Amid US-Iran tensions, silver climbs near $74.75, rebounding on safe-haven demand as FOMC minutes approach

by VT Markets
/
Feb 18, 2026

Silver rose to about $74.75 in early European trading on Wednesday, up 1.90% on the day, after moving back above $74.50. Demand increased amid tensions between the US and Iran.

Iran’s Foreign Minister Abbas Araqchi said on Tuesday that the US and Iran agreed on main “guiding principles” in talks on their nuclear dispute, but said a deal is not imminent. US President Donald Trump said Iran will make a deal and warned of consequences if issues are not resolved.

Us Iran Tensions Lift Silver

US inflation data did not shift near-term expectations for Federal Reserve rate cuts, which can limit gains in non-yielding assets such as silver. US headline inflation fell to 2.4% year on year in January from 2.7% in December, while core CPI rose 2.5% versus 2.6% previously.

Markets focus on the FOMC minutes from the January meeting on Wednesday, after the Fed held rates at 3.50%–3.75%. US markets are also reopening after an extended weekend, which may lift volatility.

On the daily chart, XAG/USD was at $73.68, with the 20-day EMA at $83.30 and RSI (14) at 42.17. Price remains below the EMA, and momentum remains below the midline.

Looking back at the market in early 2025, we saw silver prices surge past $74, largely driven by the safe-haven demand from US-Iran tensions. That situation provided significant upward momentum, even as technical indicators suggested weakness. As of today, February 18, 2026, much of that geopolitical risk has subsided, and the market dynamics have shifted considerably.

Volatility And Strategy Outlook

The dovish Federal Reserve expectations we monitored last year did materialize, with two subsequent rate cuts bringing the federal funds rate down to its current range of 2.75%-3.00%. This was a response to inflation cooling steadily, with the most recent January CPI report showing a manageable 2.1% annual increase. This macroeconomic backdrop has removed a key pillar of support for non-yielding assets compared to a year ago.

For derivative traders, this has translated into a notable drop in market volatility. The Cboe Silver ETF Volatility Index (VXSLV), which peaked above 40 during the geopolitical flare-ups in 2025, is now trading near a more subdued level of 28. This means option premiums are significantly cheaper, making it less costly to establish positions but also offering lower returns for premium sellers.
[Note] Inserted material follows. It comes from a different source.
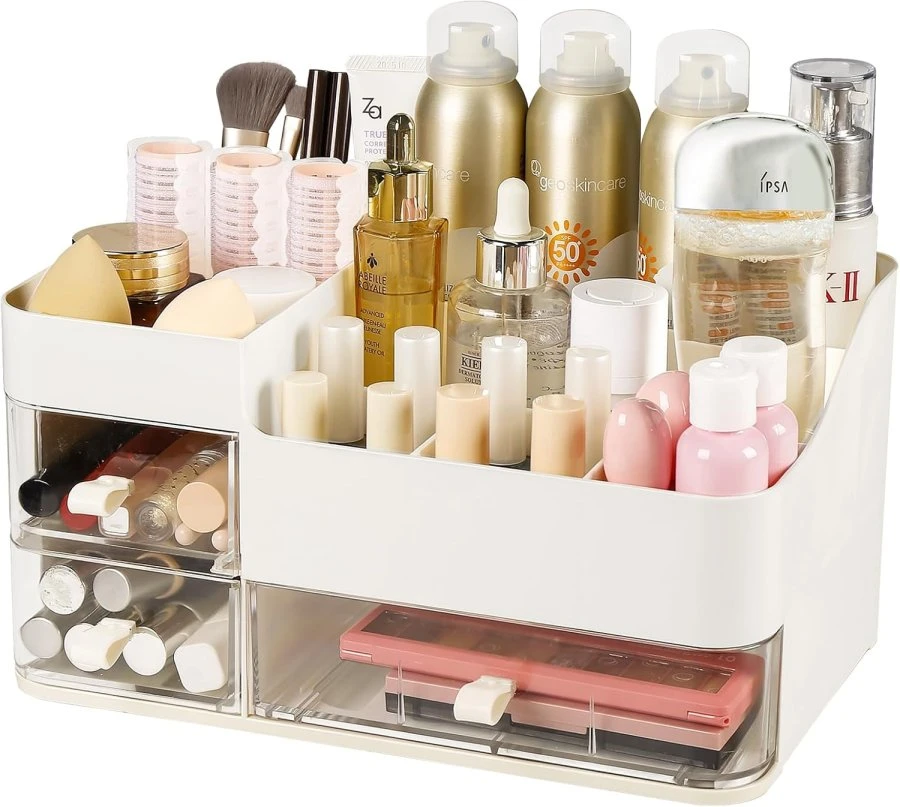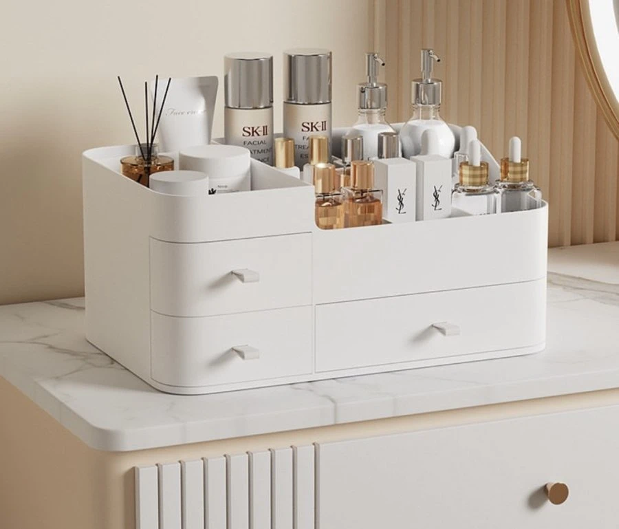 Keep your beauty space neat, minimal, and stylish with the Chew Cosmetic Storage Box. This sleek organizer is designed to fit seamlessly on any vanity or bathroom counter, offering a perfect combination of elegance and practicality. With multiple compartments and smooth-glide drawers, it’s the ultimate solution for storing your skincare, perfumes, and makeup essentials. Product Features:

Given that silver is now trading in a more consolidated range around $65, we believe the sharp upward moves are behind us for now. Selling out-of-the-money call spreads could be an effective strategy to generate income over the coming weeks. This approach capitalizes on the lower volatility and the view that silver will struggle to retest its 2025 highs without a new major catalyst.
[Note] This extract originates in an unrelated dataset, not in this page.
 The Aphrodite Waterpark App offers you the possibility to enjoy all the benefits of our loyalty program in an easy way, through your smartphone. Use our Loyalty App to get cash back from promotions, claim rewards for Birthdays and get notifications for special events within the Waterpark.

We must also consider the fundamental demand picture, which looks very different from last year. Recent data from the Silver Institute shows industrial demand, particularly from the solar and electric vehicle sectors, consumed a record 654 million ounces in 2025. Therefore, we should use some of the premium collected from selling calls to purchase long-dated, out-of-the-money puts to protect against a potential downturn if industrial activity unexpectedly slows.